De achteruitversnellingsschakelaar is verantwoordelijk voor het verzenden van een signaal naar de motorregeleenheid (ECU) wanneer het voertuig in achteruit wordt geschakeld. Dit signaal wordt door de ECU gebruikt om het stationair toerental en het brandstofmengsel van de motor aan te passen, en om de overdrive-solenoïde uit te schakelen. Als de achteruitversnellingsschakelaar defect of beschadigd is, kan deze dit signaal mogelijk niet goed verzenden, waardoor de motor afslaat.
2) Defecte neutrale veiligheidsschakelaar:
De neutrale veiligheidsschakelaar, ook wel de transmissieregelmodule genoemd, voorkomt dat het voertuig in een versnelling start. Als de neutraalveiligheidsschakelaar echter defect of beschadigd is, kan deze mogelijk niet detecteren wanneer het voertuig in neutraal staat, waardoor de motor wordt uitgeschakeld wanneer in de achteruit wordt geschakeld.
3) Laag transmissievloeistofniveau:
Een laag transmissievloeistofpeil kan ervoor zorgen dat de transmissie oververhit raakt, wat tot allerlei problemen kan leiden, waaronder het uitschakelen van de motor in omgekeerde richting.
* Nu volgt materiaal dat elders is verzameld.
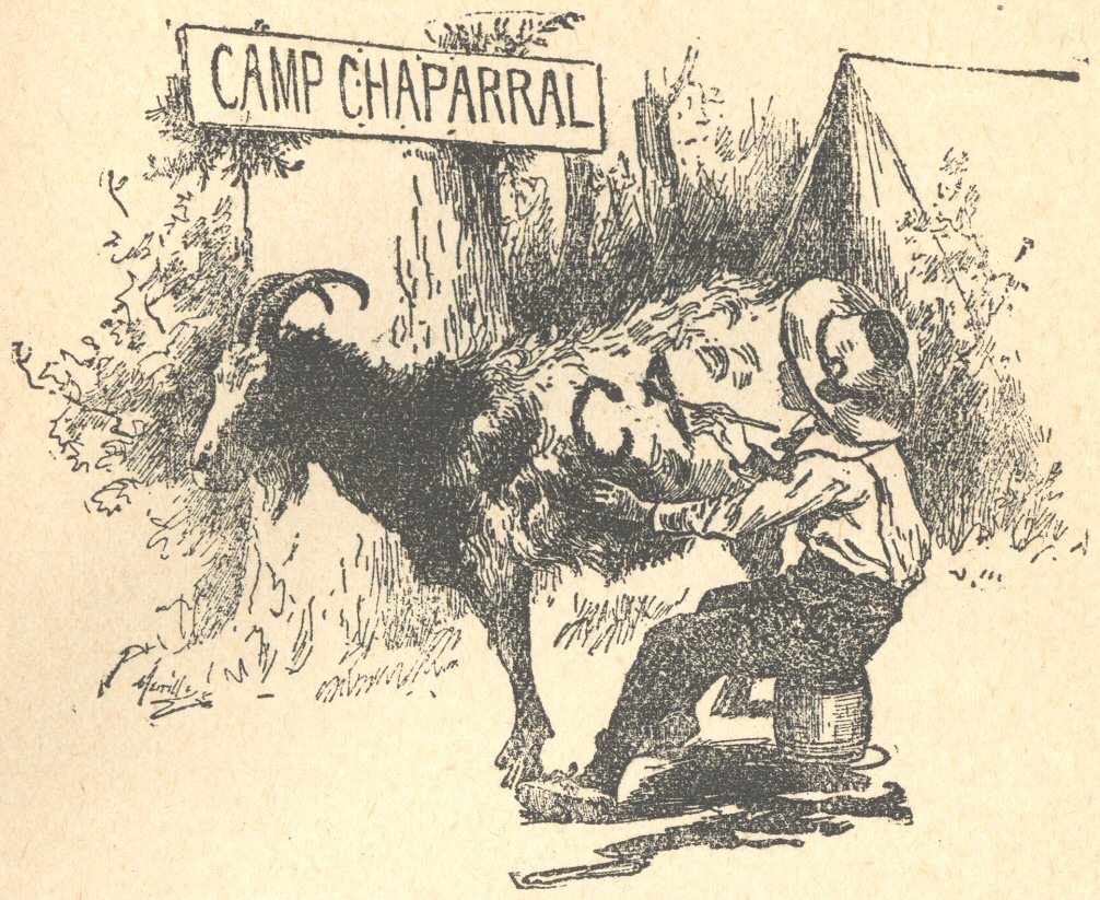 And so Camp Chaparral it was; the redwood board flaunted the assertion before the eyes of the public (which was a rather limited one, to be sure) in less than half an hour, and the artist, after painting the words in rustic letters a foot long, cut branches of the stiff, ungracious bushes and nailed them to the tree in confirmation and illustration of the fact. He then carefully deposited the paint-pot in a secret place, where it might be out of sight and touch of a certain searching eye and mischievous hand well known and feared of him; but before the setting sun had dropped below the line of purple mountain tops, a small boy, who will be known in these annals as Dicky Winship, might have been seen sitting on the empty paint-pot, while from a dingy pool upon the ground he was attempting to paint a copy of the aforesaid inscription upon the side of a too patient goat, who saw no harm in the operation. He was alone, and very, very happy.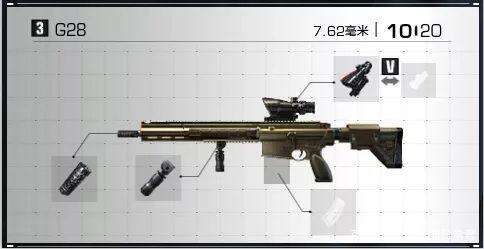 评测:相对于MK12来说,G28的优势在于威力更大,打普通防弹衣的玩家三枪就倒,枪声更小,听起来比较厚重,后坐力也更小。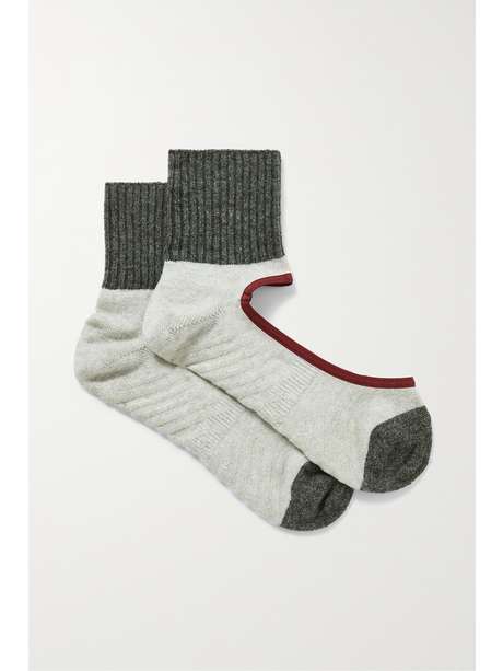 Diese Yogasocken von Loro Piana haben bordeauxrot eingefasste Cut-outs am Fußrücken, die während des Workouts für Ventilation und Flexibilität sorgen. Das Modell besteht aus Kaschmir in verschiedenen Grautönen und zeigt sich mit gerippten Bündchen.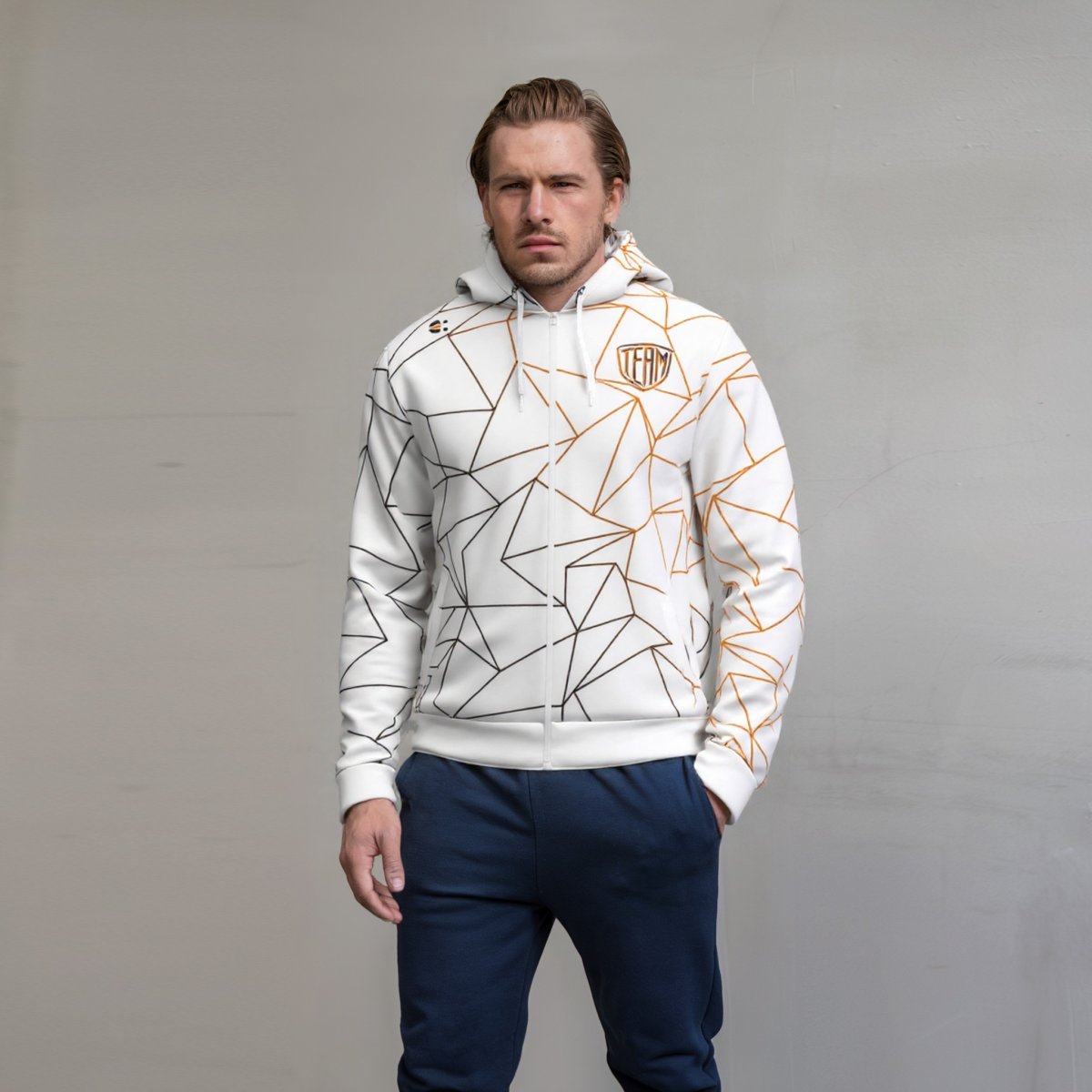 Giacca tuta zip e cappuccio in sublimazione. Unisex. Tessuto leggermente garzato idoneo a tutte le stagioni. Colore laccio cappuccio a scelta. Costina ai polsi ed in vita con colore a scelta. Tessuto: Micropiquet. 100% poliestere 240 grammi Taglie: da 7XS a 5XL

4) Vuil of verstopt transmissiefilter:
Een vuil of verstopt transmissiefilter kan de stroming van transmissievloeistof beperken, waardoor de transmissie oververhit kan raken en uiteindelijk kan leiden tot het uitschakelen van de motor in omgekeerde richting.
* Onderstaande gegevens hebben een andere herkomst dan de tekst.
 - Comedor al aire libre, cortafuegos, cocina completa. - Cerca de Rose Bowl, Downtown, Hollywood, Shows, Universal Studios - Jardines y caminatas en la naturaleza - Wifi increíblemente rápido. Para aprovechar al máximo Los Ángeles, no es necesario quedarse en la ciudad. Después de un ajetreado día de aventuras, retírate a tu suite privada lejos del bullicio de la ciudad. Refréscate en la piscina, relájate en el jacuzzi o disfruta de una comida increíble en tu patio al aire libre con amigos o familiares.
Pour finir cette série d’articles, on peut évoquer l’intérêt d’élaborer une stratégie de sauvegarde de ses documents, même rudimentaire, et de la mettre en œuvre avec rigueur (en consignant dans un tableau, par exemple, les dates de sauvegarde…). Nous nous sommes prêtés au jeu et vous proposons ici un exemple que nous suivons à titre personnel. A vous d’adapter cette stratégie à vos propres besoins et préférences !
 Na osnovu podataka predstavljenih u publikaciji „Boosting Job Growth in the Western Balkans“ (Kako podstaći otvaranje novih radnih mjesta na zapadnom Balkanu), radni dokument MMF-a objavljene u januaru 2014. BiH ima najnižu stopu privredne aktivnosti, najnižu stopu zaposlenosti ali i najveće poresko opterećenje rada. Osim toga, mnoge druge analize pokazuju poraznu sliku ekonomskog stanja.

5) Defecte transmissiesolenoïden:
Transmissiemagneten zijn verantwoordelijk voor het regelen van de transmissievloeistofstroom. Als een solenoïde defect of beschadigd is, kan deze mogelijk de vloeistofstroom niet goed regelen, waardoor de motor achteruit afslaat.
6) Defecte motorregeleenheid (ECU):
De ECU is het brein van het voertuig en bestuurt een verscheidenheid aan functies, waaronder het motormanagement. Als de ECU defect of beschadigd is, kan deze mogelijk het stationaire toerental en het brandstofmengsel niet goed regelen, waardoor de motor achteruit afslaat.